Bottom Line: To gain insights into the relationship between the AQ stimulon, the PqsE stimulon and the regulatory function of PqsE, we constructed a pqsE inducible mutant (pqsEind) and compared the transcriptomes of the induced and uninduced states with a pqsA mutant.Furthermore, pqsE was required for swarming motility and virulence in plant and animal infection models in the absence of AQs, while mature biofilm development required both pqsA and pqsE.Taken together these data reveal that PqsE is a key regulator within the QS circuitry facilitating the environmental adaptation of P. aeruginosa.

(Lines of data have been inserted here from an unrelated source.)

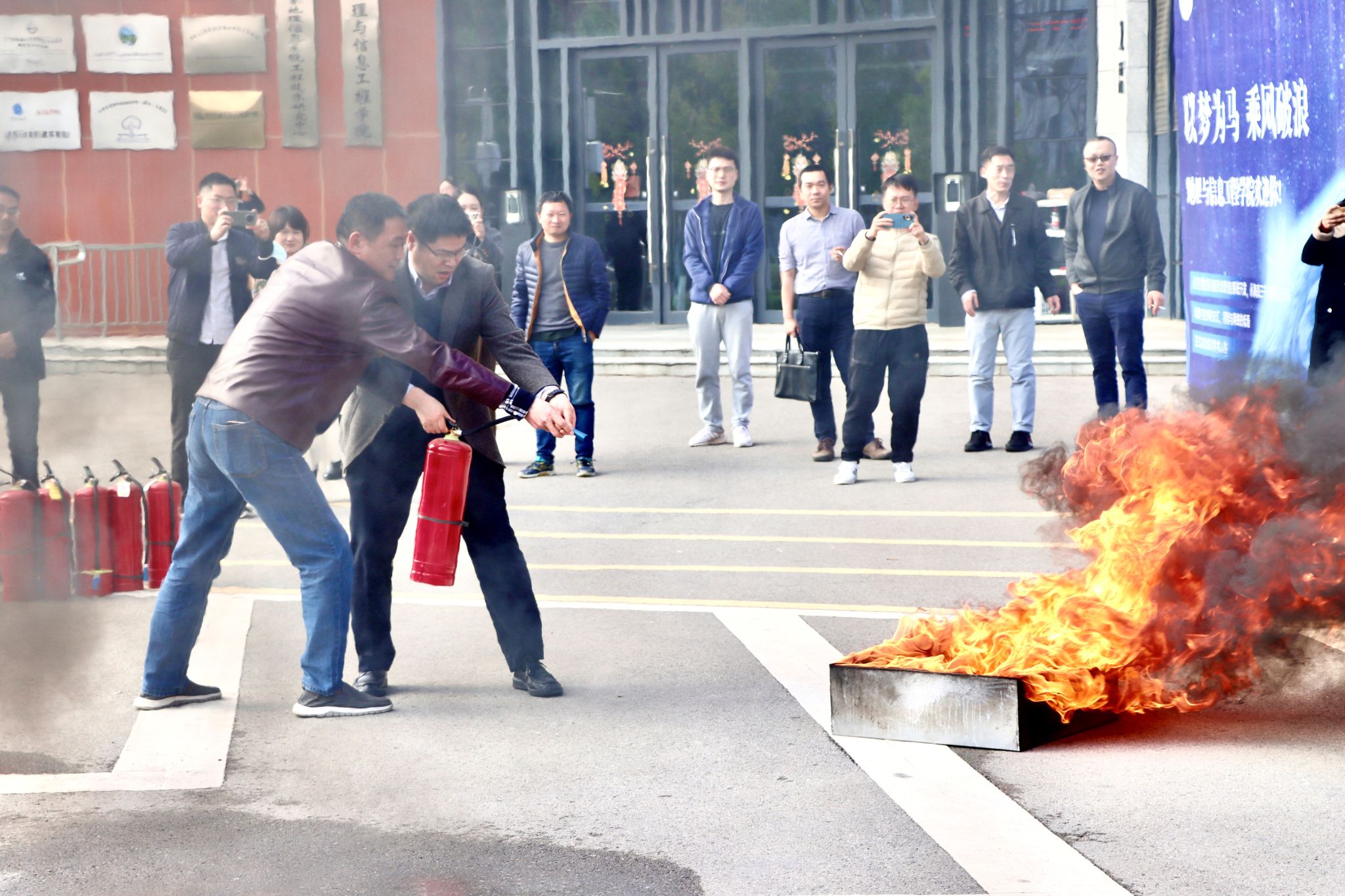 会议最后,学校安全保卫部科长张献文为全院教职工作安全教育主题讲座。参会师生在学院楼前开展消防实战演练。
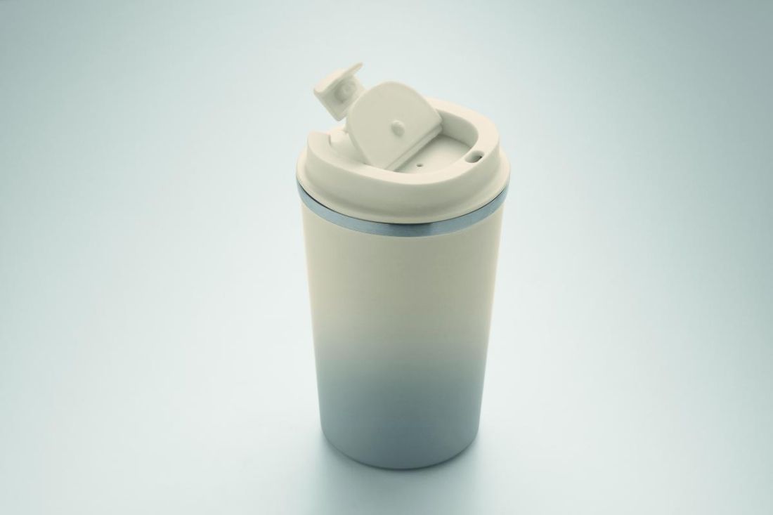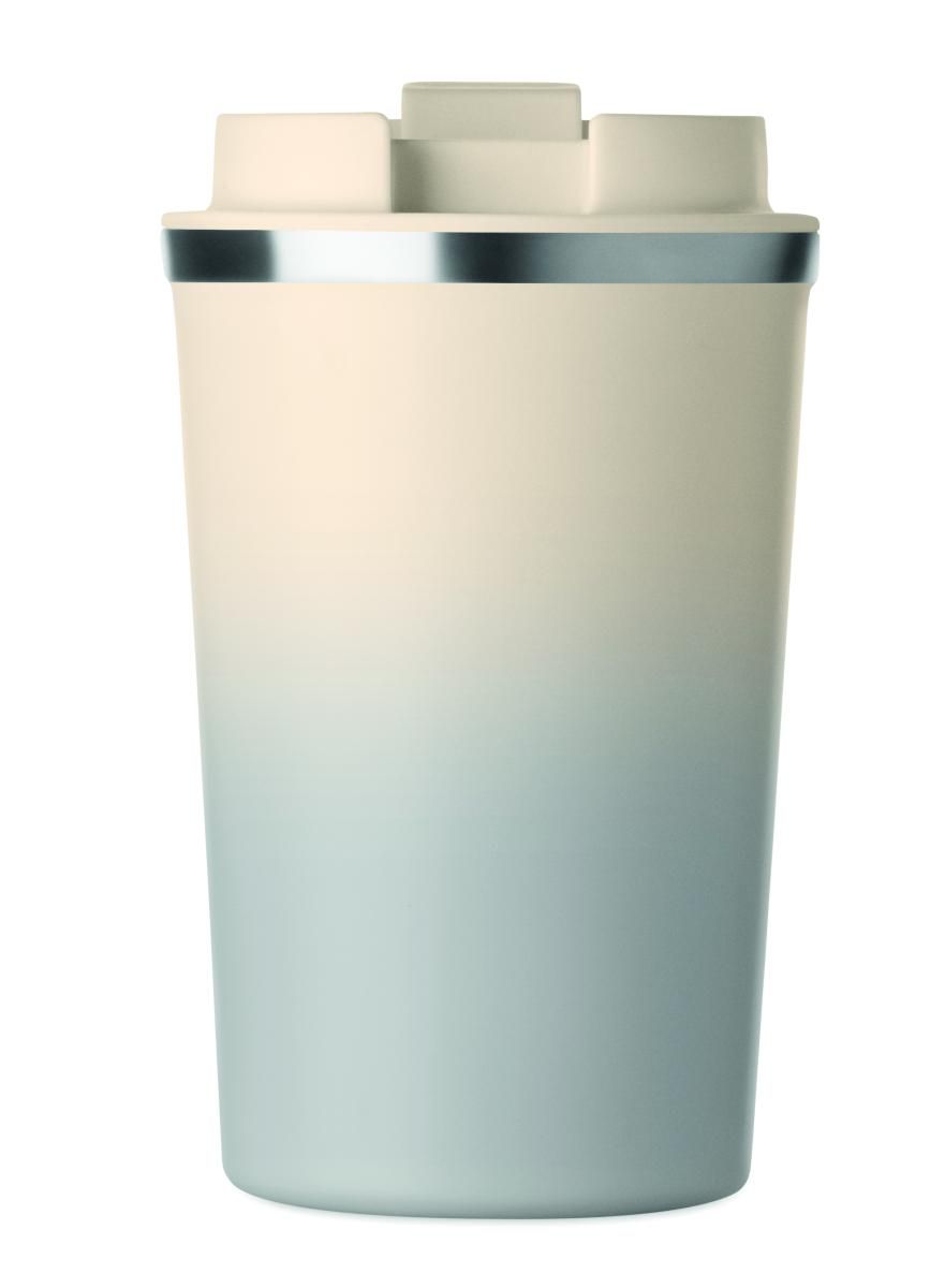 Vaso de acero inoxidable reciclado de doble pared (90% de acero inoxidable reciclado y 10% de acero inoxidable) con tapa de PP. Capacidad: 350 ml. …
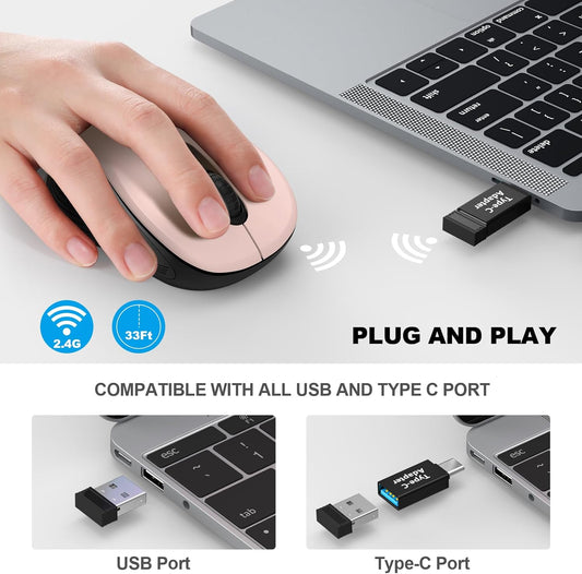 WisFox 2.4G Wireless Mouse for Laptop, Ergonomic Computer Mouse with USB Receiver and Type-C Adapter, 3 Adjustable Levels DPI, 6 Button Cordless Wireless Mice (Pink)
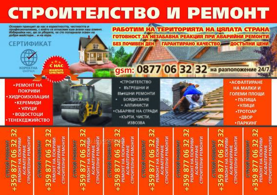 Строителство, Строителни Услуги, Строителни Ремонти, Майстори, Бригада, Фирма, Вътрешни Ремонти, Външни Ремонти, Офиси, София, Ихтиман, Владая, Вакарел, Ветрен, Пловдив, Стара Загора, Казанлък, Раднево, Мъглиж, Гълъбово, Бургас, Варна, Русе, Шумен, Велико Търново, Враца, Монтана, Плевен, Белене, Кнежа, Кърджали, Хасково, Добрич, Каварна, Шабла, Балчик, Търговище, Разград, Исперих, Силистра, Велинград, Пазарджик, Кюстендил, Перник, Бобов дол, Брезник, Трън, Тетевен, Троян, Рударци, Дупница, Радомир, Разлог, Банско, Симитли, Кресна, Струмяни, Ново Делчево, Крупник, Брежани, Сандански, Петрич, Гоце Делчев, Благоевград, Драгоман, Сливница, Сливен, Ловеч, Севлиево, Габрово, Трявна, Панагюрище, Стрелча, Перущица, Копривщица, Пещера, Смолян, Карлово, Калофер, Пирдоп, Златица, Ботевград, Етрополе, Своге, Банкя, Горна Баня, Долни Богров, Горни Богров, Нови Искър, Костинброд, Божурище, Елин Пелин, Лом, Монтана, Видин, Свиленград, Тополовград, Павликени, Харманли

View Article: PubMed Central - PubMed

Affiliation: School of Molecular Medical Sciences, Centre for Biomolecular Sciences, University Park, University of Nottingham, Nottingham NG7 2RD, UK.

ABSTRACT
The quorum sensing (QS) system of Pseudomonas aeruginosa constitutes a sophisticated genome-wide gene regulatory network employing both N-acylhomoserine lactone and 2-alkyl-4-quinolone (AQ) signal molecules. AQ signalling utilizes 2-heptyl-3-hydroxy-4-quinolone (PQS) and its immediate precursor, 2-heptyl-4-quinolone (HHQ). AQ biosynthesis requires the first four genes of the pqsABCDE operon and while the biochemical function of pqsE is not known, it is required for the production of secondary metabolites such as pyocyanin. To gain insights into the relationship between the AQ stimulon, the PqsE stimulon and the regulatory function of PqsE, we constructed a pqsE inducible mutant (pqsEind) and compared the transcriptomes of the induced and uninduced states with a pqsA mutant. Of 158 genes exhibiting altered expression in the pqsA mutant, 51% were also affected in the pqsE mutant. Following induction of pqsE, 237 genes were differentially expressed compared with the wild-type strain. In the pqsEind strain, pqsA was highly expressed but following induction both pqsA expression and AQ biosynthesis were repressed, revealing a negative autoregulatory role for PqsE. Furthermore, pqsE was required for swarming motility and virulence in plant and animal infection models in the absence of AQs, while mature biofilm development required both pqsA and pqsE. Taken together these data reveal that PqsE is a key regulator within the QS circuitry facilitating the environmental adaptation of P. aeruginosa.